Proposition de citation: Mahesh Sugathan ; Carolyn Deere Birkbeck ; Christophe Bellmann (2022). Déchets plastiques : réglementer le commerce international. La Vie économique, 12 décembre.

Quid de la coopération internationale sur le commerce des plastiques ?

Au-delà de la Convention de Bâle, la coopération internationale en matière de politiques commerciales doit permettre d’accroitre la coordination entre les pays dans des domaines tels que l’interdiction d’importer des plastiques à usage unique, la mise en place de régimes de responsabilité élargie des producteurs, le renforcement des exigences en matière d’étiquetage ou la promotion du commerce de substituts écologiques. Il s’agit également d’améliorer la transparence sur la composition des plastiques mis sur le marché afin que les autorités puissent facilement identifier les caractéristiques de ces produits et en réglementer le commerce. Des discussions informelles sur toutes ces questions ont déjà commencé à l’Organisation mondiale du commerce (OMC) par le biais du « Dialogue informel sur la pollution plastique ». Lancé en novembre 2020, cette initiative compte 75 membres, dont la Suisse et une majorité de pays en développement.

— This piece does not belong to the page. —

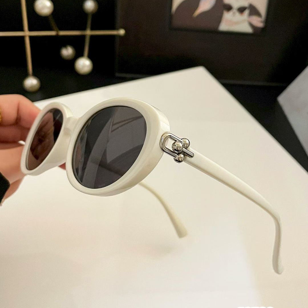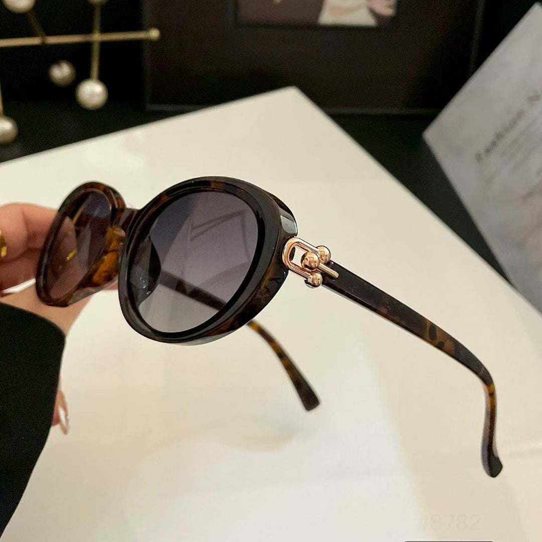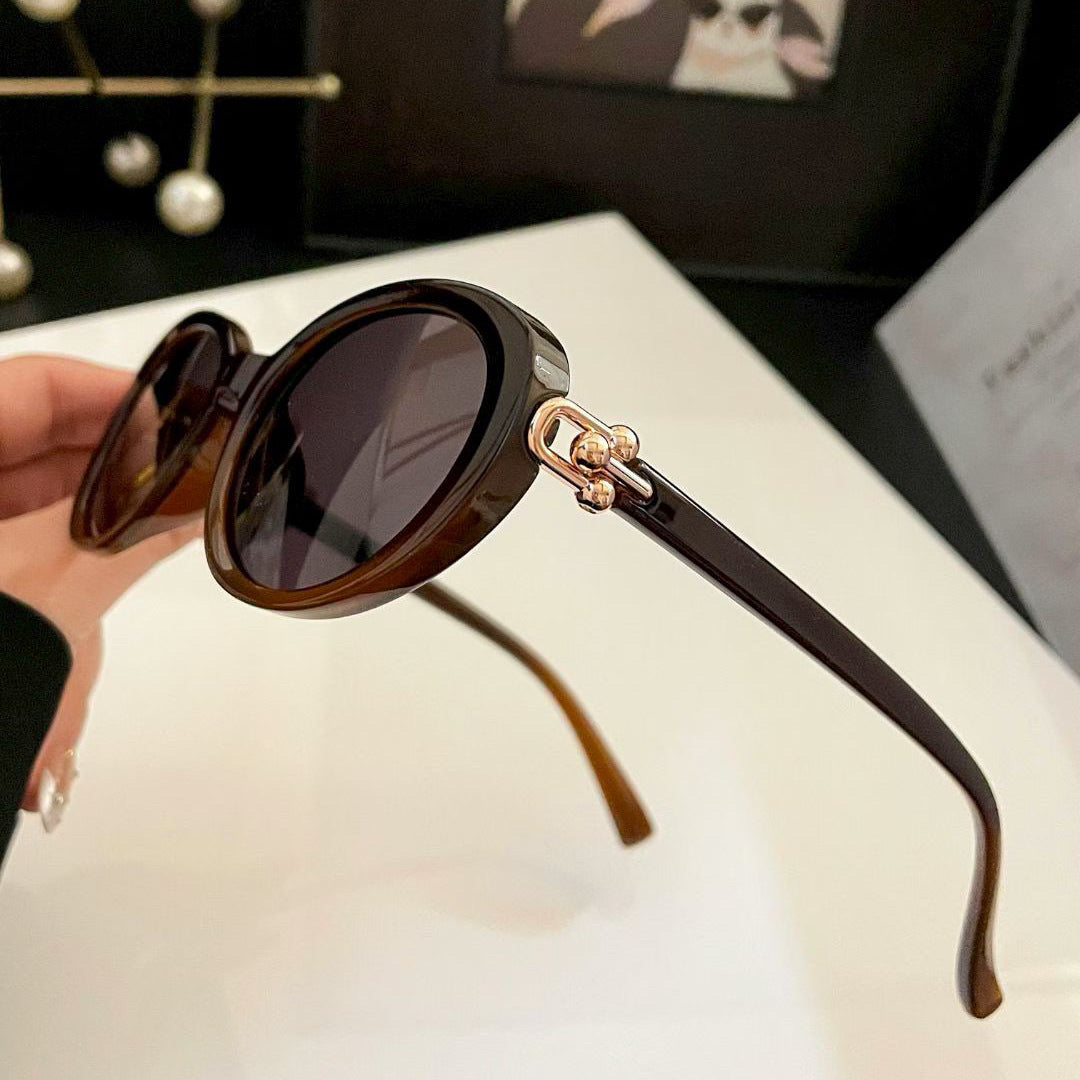 The most striking feature of these sunglasses lies in their distinctive gold metal hinge details. The metal components form a unique "double-sphere" connecting structure, creating a highly fashionable visual focal point.

L’Aide pour le commerce, un programme piloté par l’OMC, joue également un rôle important afin d’aider les pays pauvres à développer des infrastructures de gestion des déchets plastiques. Elle a aussi pour objectif de doter les agents des douanes des outils dont ils ont besoin pour suivre et freiner les flux illégaux de déchets, en coordination avec les agences internationales compétentes. Les pays en développement attendent aussi de cette initiative une assistance technique pour la mise en œuvre des amendements de la Convention de Bâle et d’autres mesures liées au commerce.